Please take a minute to share your experiences if you are working on similar initiatives; I’d love to hear from you.

If you would like to know more about our augmented reality services, please contact us through our website www.sparxworks.com. Also, we are going to be demonstrating various immersion concepts this November 15 at www.ARExperience.us. This experiential conference will bring together the top brands and agencies with the hottest companies and services in AR in a collaborative way to foster the growth of our AR community.

We look forward to seeing you there at the Faena Hotel in Miami beach.

  • Leslie Shannon

    I think you’re absolutely right – AR and VR will ultimately converge, and we’ll get used to the physical and the digital worlds (both of which are “real” worlds, of course) being integrated to greater or lesser extents, depending on the experience. If I’m lactose-intolerant and in a grocery store, I only perhaps need occasional digital flags highlighting the products I should or shouldn’t buy.
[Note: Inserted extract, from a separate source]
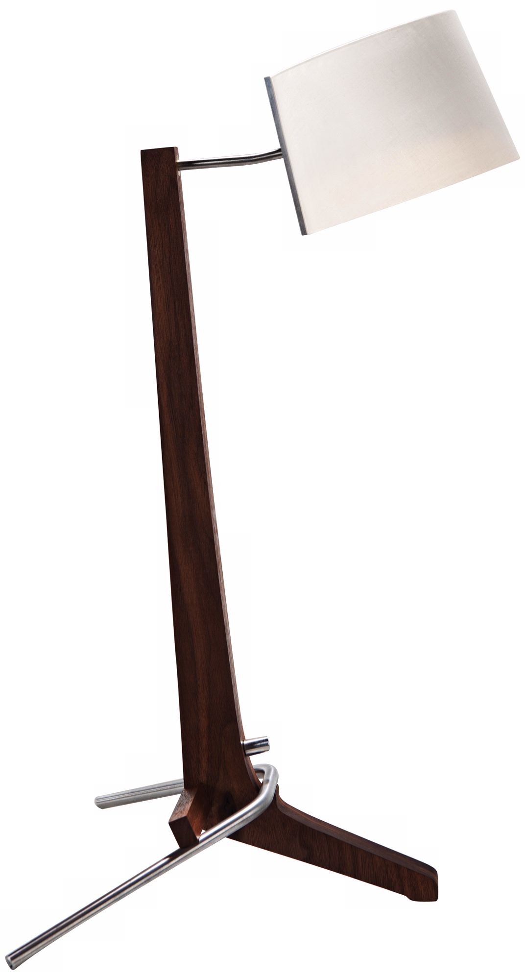 - Black stained walnut wood body. Adjustable white linen fabric shade. Aluminum leg and knob.

But if I’m in a haunted house experience like you describe (and I want to try!), then much more digital immersion and occlusion of the physical world is necessary. The question is whether you achieve this flexibility to slide between the physical and digital worlds to varying extents with a headset that is showing you the physical world directly, and the digital is an overlay, or if you’re in a headset giving you a passthrough video view of the physical world, and the digital elements are integrated with that. At the beginning, certainly, integrating digital content with passthrough video will certainly be easier. But the heavier form factor of headsets necessary to give that experience will ultimately count against the passthrough option. Long-term, I see slim, direct world-viewing AR glasses that have the ability to create a full range of digital overlays as being our main devices. Sure, that’s a million miles from where we are now – but who could have imagined our current smartphones while looking at an early telephony-only mobile phone brick in, say, 1993?